法政大学デザイン工学部システムデザイン学科(法政 SD 学科)ヒューマニティデザイン研究室(安積ゼミ)では、人間行動・生活文化の研究を軸に、デザインの可能性について考える教育と作品制作を行っています。

法政 SD 学科は、基礎教育においてクリエーション・テクノロジー・マネジメントの三分野を横断的に学ぶことを特徴としています。その上でクリエーションに携わる道を選んだ学生に求めるのは、デザインが社会と関わるための視野を広く持つこと、心に響く新鮮な提案を行うこと、アイデアを具現化し現実の感覚に訴えること、そしてテクノロジーやマネジメントといった分野から得た知のリソースを積極的にクリエイティブワークに生かす、という事です。
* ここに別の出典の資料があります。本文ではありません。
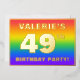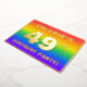 The front of this upbeat and fun forty-ninth birthday celebration/party foil invitation card design features a personalized name, a large number “49th”, the message “BIRTHDAY PARTY!”, and a border. The background of the front has a joyful, multicolored, rainbow spectrum inspired gradient pattern. The back features personalized details about the event, such as the date, time, location, and any other relevant information. Editable invitations like these might be a fun way to invite guests to a birthday gathering/party being held to honor somebody’s 49th birthday. [~Z0000599]
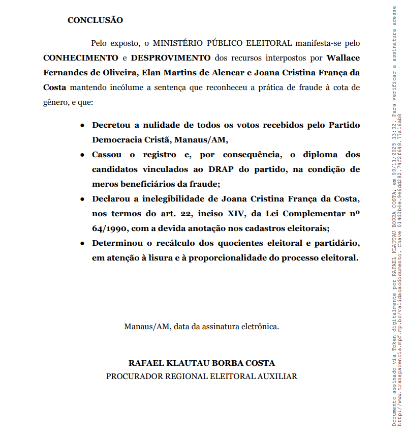 O parecer, assinado pelo procurador regional eleitoral Rafael Klautau Borba Costa, reconhece irregularidades nas candidaturas femininas do Partido Democracia Cristã (DC) e determina a nulidade dos registros e diplomas de todos os candidatos vinculados ao Demonstrativo de Regularidade de Atos Partidários (DRAP) da sigla.
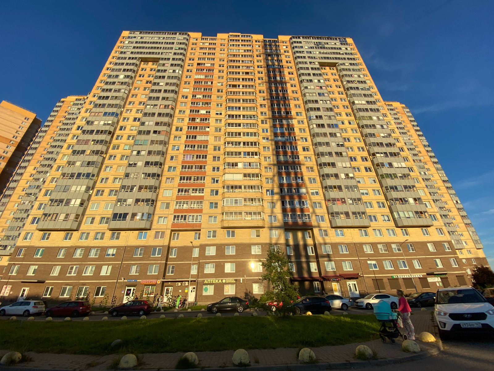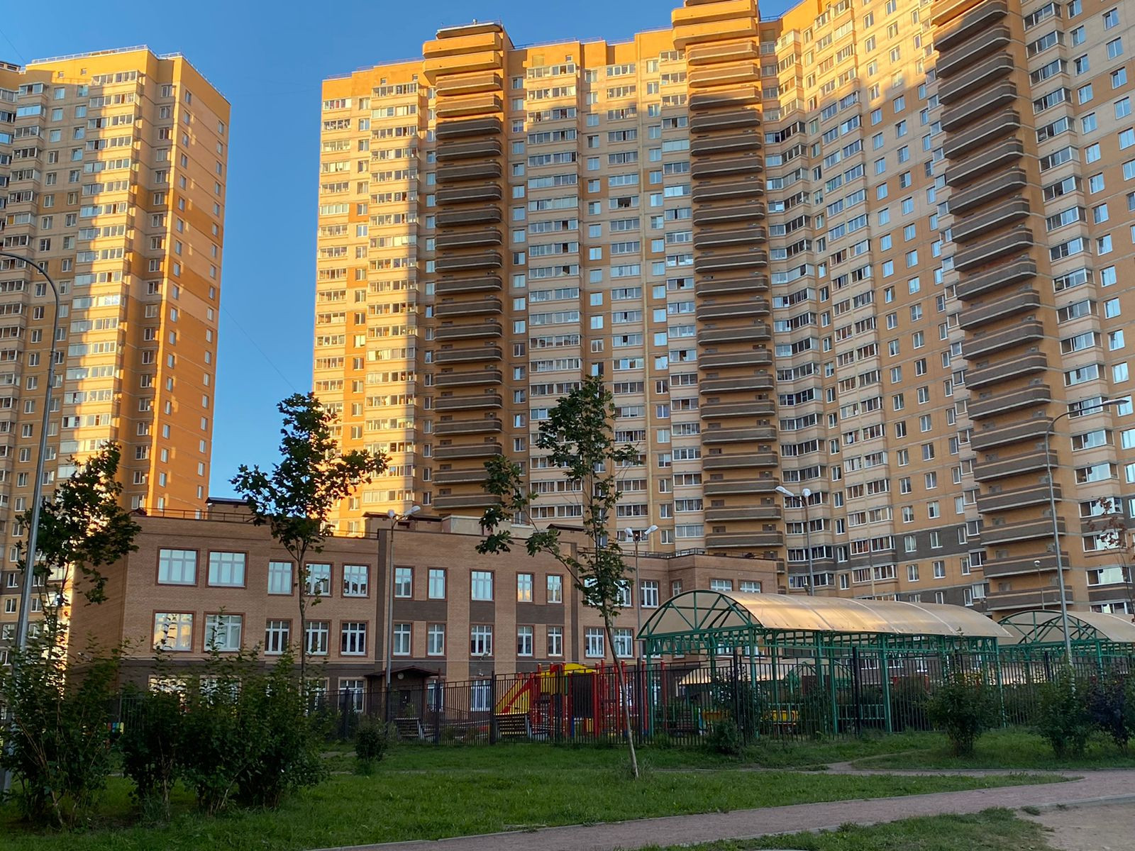 Район с уже сложившейся инфраструктурой. Во дворе дома - школа и детский сад, детская площадка, магазин Светофор, Дикси, Красное и Белое, Росал, Пятерочка.  Под окнами делают парк (окончание ремонтных работ – конец осени 2022года). В 15-ти минутах ходьбы протекает река Охта, с парком и местами для семейных прогулок.
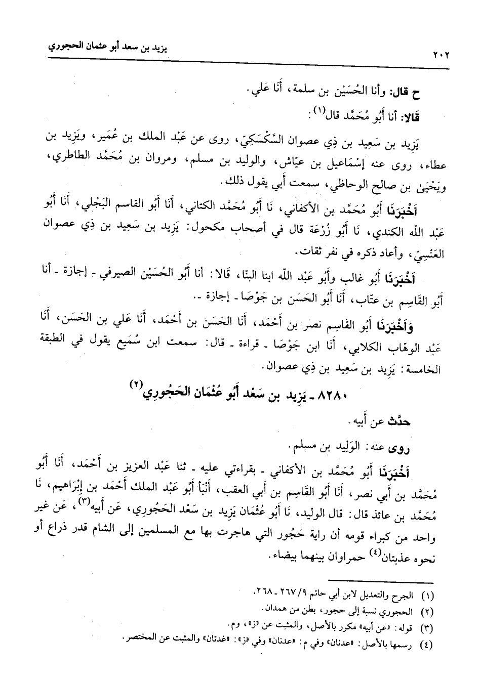 8280 - يزيد بن سعد أبو عثمان الحجوري (2) حدث عن أبيه روى عنه الوليد بن مسلم أخبرنا أبو محمد بن الأكفاني بقراءتي عليه ثنا عبد العزيز بن أحمد أنا أبو محمد بن أبي نصر أنا أبو القاسم بن أبي العقب أنبأ أبو عبد الملك أحمد بن إبراهيم نا محمد بن عائذ قال قال الوليد نا أبو عثمان يزيد بن سعد الحجوري عن أبيه (3) عن غير واحد من كبراء قومه أن راية حجور التي هاجرت بها مع المسلمين إلى الشام قدر ذراع أو نحوه عذبتان حمراوان بينهما بيضاء
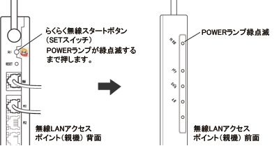 らくらくスタートボタン(SETスイッチ)を長押し、POWERランプが緑点滅になったら離す |

「視点の独自性を尊重せよ」という言葉を受けて学生から投げ返されてくるアイデアは、変則的で粗削りながらも切実な心象を含んでおり、指導の現場は教員といえども常にクリエイティブな度量を試される、まるでフリージャズのセッションの様な緊張と充実を感じるものでした。その結果、社会の通念に NO をつきつけ代替案を模索するもの、自らの心や欲求の深い井戸を見つめるもの、新たな表現を求めてテクノロジーをねじ伏せようと格闘するもの、人間行動や文化の不思議な細道に分け入り調査を重ねるもの等、様々な切り口をもつ多様な研究制作へと発展しました。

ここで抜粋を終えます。